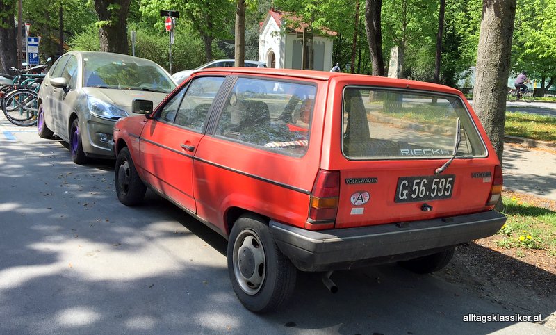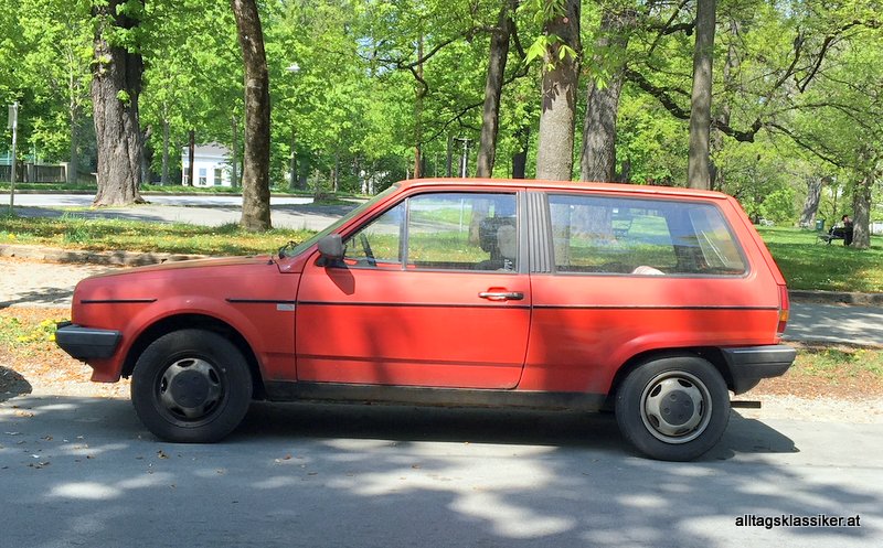 Man sieht ihm seine Jahre an, die er in den Grazer Häuserschluchten zugebracht hat: Dort und da ein wenig Rost, abgesplittertes Plastik am Kühlergrill, Kampfspuren vom Parken in der Stadt, ein verwittertes A-Länderkennzeichenpickerl und der stumpf gewordene Lack. In der Heckscheibe prangt noch der Aufkleber des ausliefernden Händlers RIECKH, der auch schon längst Geschichte ist.
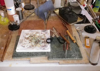I work with several techniques and materials. I do wire wrapping, metal working, and beadweaving.
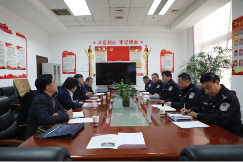王东明副院长介绍了我校的历史沿革以及反恐怖主义法学院成立以来在教学科研方面取得的成就。学院将充分发挥学校反恐学科的优势,与公安实务部门在理论研究、人才培养、横向课题等方面加强合作,建立常态化对接联络机制。穆兴天教授介绍了学校引进军队高层次军转干部的做法,希望通过充分发挥军转干部的专业技术特长,加强校局合作,探索以“文”为主逐步向“文”“工”结合的转变之路。
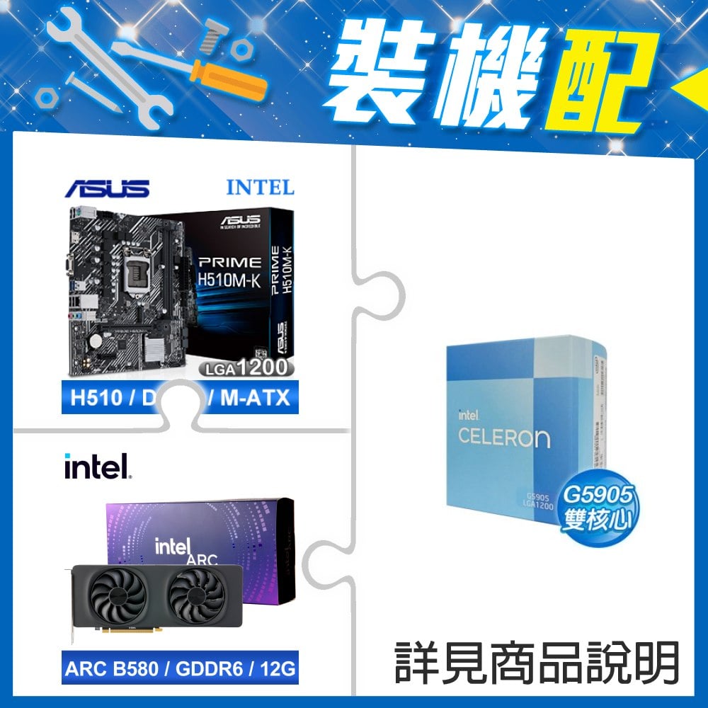 ☆裝機配★ G5905《彩盒全球保》+華碩 PRIME H510M-K M-ATX主機板+Intel Arc B580 12G 20 Core 顯示卡
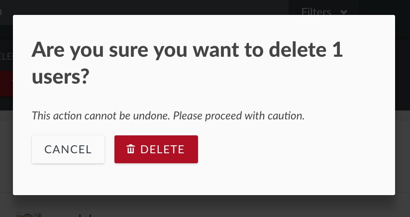 A pop up box will appear, prompting you to confirm whether you would like to delete your user(s)

__WHAT THE EXERCISE ASKS__:
Please set down, exactly and with nothing added, the lines from the line with "I work with" to the end of the entries above, omitting pictures.

__EXERCISE OUTPUT__:
I work with several techniques and materials. I do wire wrapping, metal working, and beadweaving.
王东明副院长介绍了我校的历史沿革以及反恐怖主义法学院成立以来在教学科研方面取得的成就。学院将充分发挥学校反恐学科的优势,与公安实务部门在理论研究、人才培养、横向课题等方面加强合作,建立常态化对接联络机制。穆兴天教授介绍了学校引进军队高层次军转干部的做法,希望通过充分发挥军转干部的专业技术特长,加强校局合作,探索以“文”为主逐步向“文”“工”结合的转变之路。
 ☆裝機配★ G5905《彩盒全球保》+華碩 PRIME H510M-K M-ATX主機板+Intel Arc B580 12G 20 Core 顯示卡
 A pop up box will appear, prompting you to confirm whether you would like to delete your user(s)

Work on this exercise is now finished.